It's a beautiful summer's day when I leave Tallinn. The weather and trees remind me of an Indian summer in another climate. It enhances the positive vibe with which I'm leaving town. Grateful for the many beautiful memories and new friends I was allowed to make. My stay has had an enormous impact and will be cherished for all the days to come. I get on the bus and head for Warsaw, reminiscing all the good memories while watching the lush green pass.
First stop Warsaw
Warsaw is covered in a typical Sunday morning rain when I arrive. Still tired from the night bus, my first city tour brought less joy than expected. The next day would compensate for that entirely. As I booked my guest room online, I wasn't aware that opposite my building would be a B&B hosting a series of piano recitals. During the day, I could hear the players practice as their excerpts blew over the street and ventured into my kitchen. So I enjoyed the scent of liberty those sounds accompanied. With elevated spirits, I endeavored into the city and paid a visit to the Jewish museum, which was very enlighting. Little, as a true West-European, did I know about how progressive and liberal Poland was about 1000 years ago and how often they fell victim to occupying forces in the past centuries. The neighboring countries were very eager to occupy this wealthy nation.

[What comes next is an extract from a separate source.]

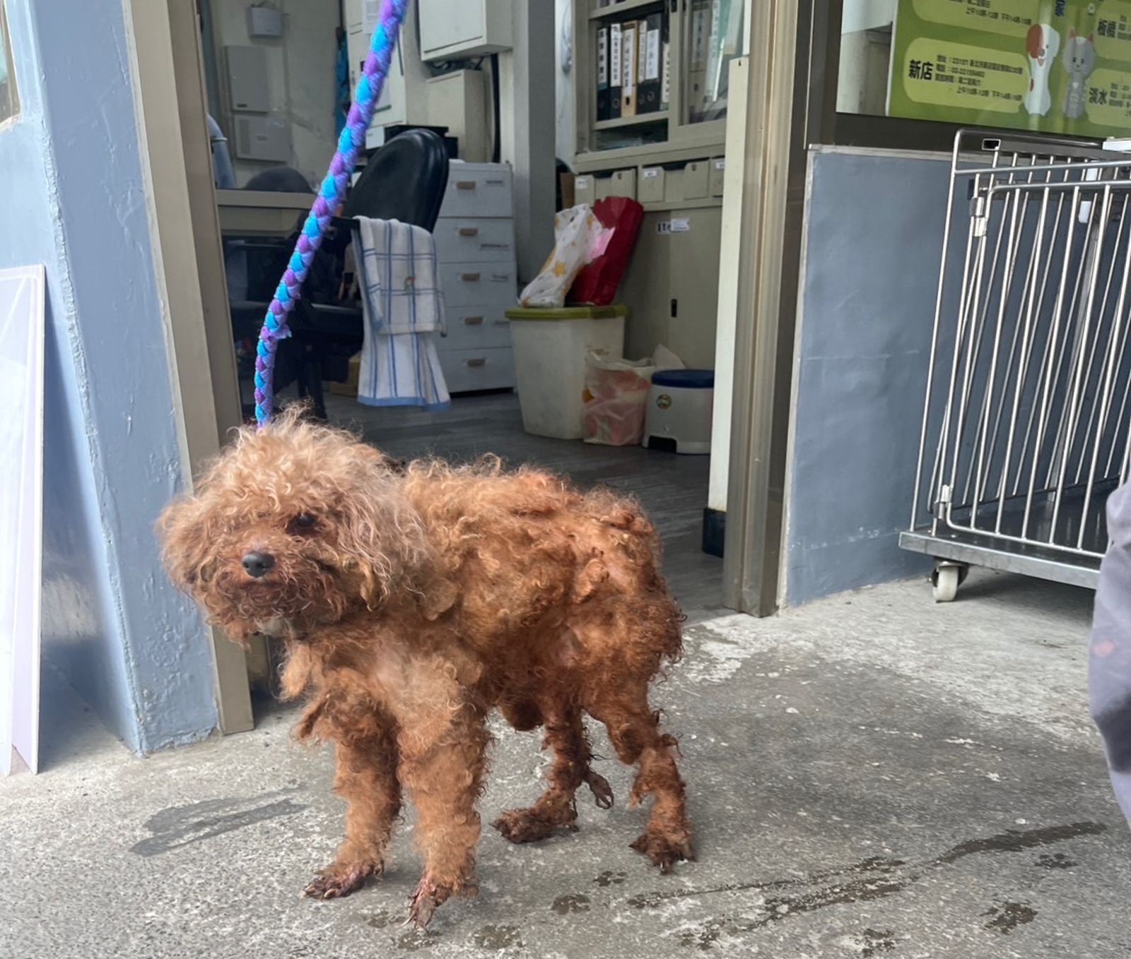 新北動保處指出,民眾吳小姐表示,三峽民生街附近有許多商家,她常常在附近採購生活所需物品,當日她如常上街採買,突眼角餘光瞄到街角有隻小型犬倒在地上,近看發現是毛髮沾黏成硬塊、看不到臉眼的紅貴賓,下腹部破裂受傷正在滲血。由於紅貴賓全身顫抖氣息微弱,便趕緊撥打1999緊急救援通報動保處救援。

During my stay in Warsaw, I had unexpected meetings with Ukrainian refugees. Their stories made me thankful for being able to live in a peaceful society and, at the same time, warned me how little is needed for peace to be broken. Peace seems like a beautiful porcelain vase, which deserves to be treated well. On my way back, I had time to attend the piano recital and was blown away by their quatre mains and more hand performances. The piece de resistance was an opus for eight hands, played by three skilled piano players, the 'Galop Marche' by Albert Lavignac (an unknown composer to me). Despite the laughter and cheer, the craziest and most hilarious piece I have ever heard and played without a miss.
Later, I spoke with two of the three piano players: Anna Hajduk, the feel-good rhythm section of any music orchestra, and Maurizio Moretti, the eminence who was phlegmatically elated to accompany talented players. Both piano virtuosos share my opinion that classical music is fun, like any other. Her laughter and his profound smile supported their view. Music is to enjoy people, to give energy, inspire, and give a break from everyday life. To live in a society where we can play and listen to the music of our choice at our initiative is a freedom, a spirit of liberty we have to savior, like a beautiful vase.

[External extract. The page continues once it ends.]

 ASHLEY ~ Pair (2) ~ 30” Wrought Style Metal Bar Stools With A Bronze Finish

Next stop on the train to Berlin and Eindhoven
Still delighted with the discoveries and thinking about my meetings, I left Warsaw. Knowing nothing will happen during the train ride, I'm keen on getting to Eindhoven. I will read one of my classical music stories to children at the Van Piere Bookstore. What my first experience when I arrived in the city was? Did the Dutch even get louder, or did I become used to this calm and quiet attitude in Tallinn? And yes, the air quality is not very accommodating for my lungs. But first, touch base and share my passion for classical music with children. Can't wait.